Despite a few dissenting voices bemoaning a bloated plot, film reviewers largely agree that this is the 007 blockbuster to tempt audiences back into cinemas

No Time to Die, the James Bond film on which so much has been pinned, received its world premiere in London on Tuesday night, heralding what arguably the entire film industry hopes will be a return to mass moviegoing after months of pandemic shutdown. And the first wave of reviews – embargoed until one minute past midnight on Wednesday morning – should set their minds at rest.

UK broadsheet critics largely agreed that the film – supposedly Daniel Craig’s final outing as Bond – had delivered in spades, with the Guardian, the Telegraph and the Times all giving the film five-star raves.

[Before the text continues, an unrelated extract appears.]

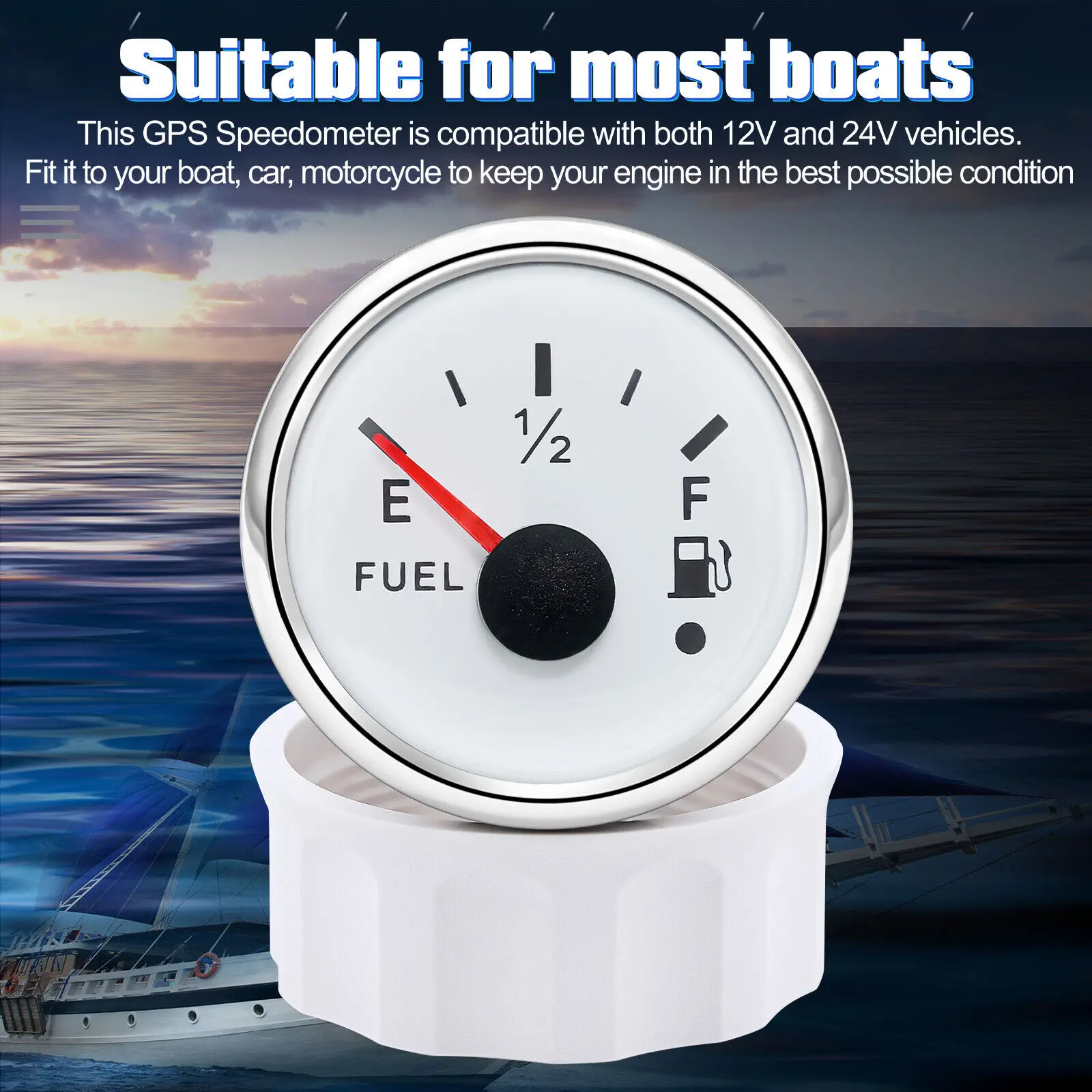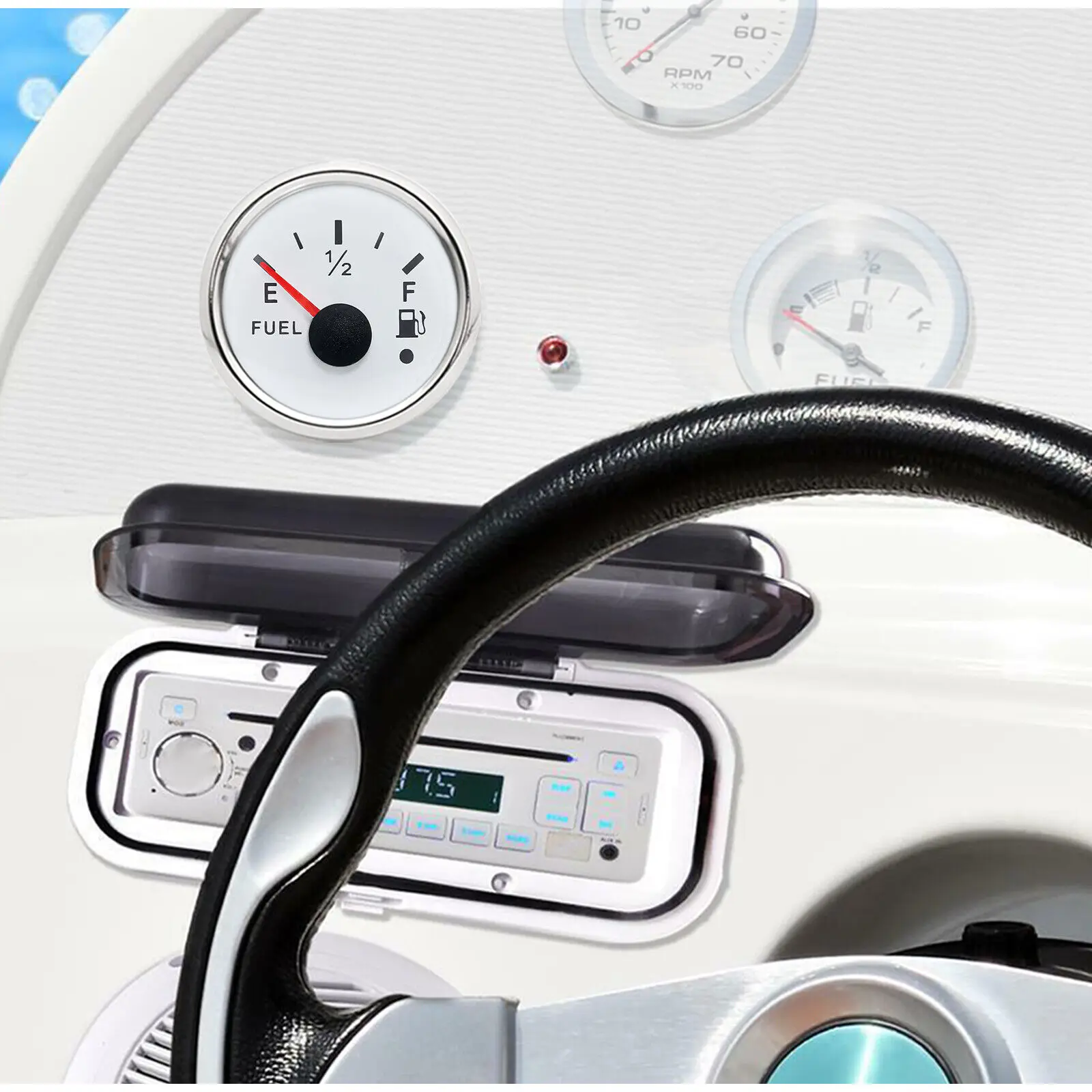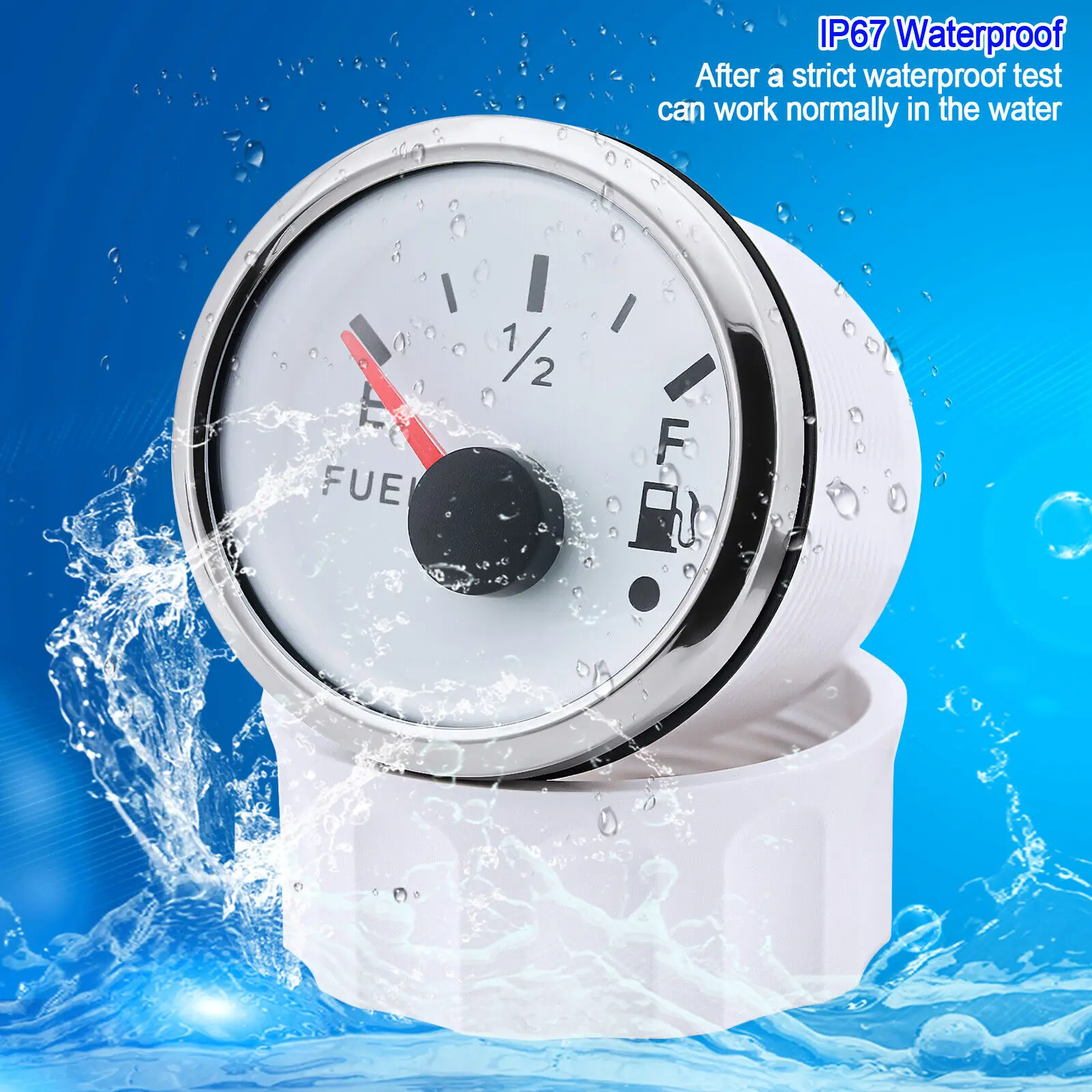 Fuel gaugeThis is a high quality fuel level gauge.for most fuel level sensors Description:Fit For: Car Truck Motorcycle ATV UTV Marine BoatFace Color: WhiteBezel Materials: Stainless SteelIndicating Range: 240-33ohms (240–empty 33–full)Operating Voltage: 9-30VDCOperating Current: ≤60mAOperating Temperature: -30~+75 ??Storage Temperature: -40~+85 ??Install Diameter: 52mm(2-1/16'')Grade Of Protection: IP67Package Method: Neutral boxWhen the fuel level is lower than 13%. the warning light will flash Features:-100% Brand new and high quality.-Excellent anti-fogging performance.-316L Stainless steel bezel with curve glass.-Easy installation with multi-plug socket connection design.-White ground design with red backlightInstallation instructions:1.Before installation. firstly. to open a hole 52mm of the panel .make sure there is a space with (55mm backyard of panel)as well.2. Put the gauge in the hole and screw down.Connection: Red–+9-30VDCBlue–Signal InputYellow–Backlight(+)Black–Ground(-) Package List:1x Fuel Level Gauge1x Wiring Harness1x Instruction Manual

The Guardian’s Peter Bradshaw called it an “epic barnstormer … delivering pathos, action, drama, camp comedy (Bond will call M ‘darling’ in moments of tetchiness), heartbreak, macabre horror, and outrageously silly old-fashioned action”. The Telegraph’s Robbie Collin said the film was an “extravagantly satisfying, bulgingly proportioned last chapter to the Craig era, which throws almost everything there is left to throw at 007 the series can come up with”, while in the Times, Kevin Maher proclaimed: “It’s better than good. It’s magnificent.” In contrast, however, the Independent’s Chrissie Loughrey offered a dissenting view, suggesting the film was “strangely anti-climatic … a rotating sideshow of old characters and plot points”.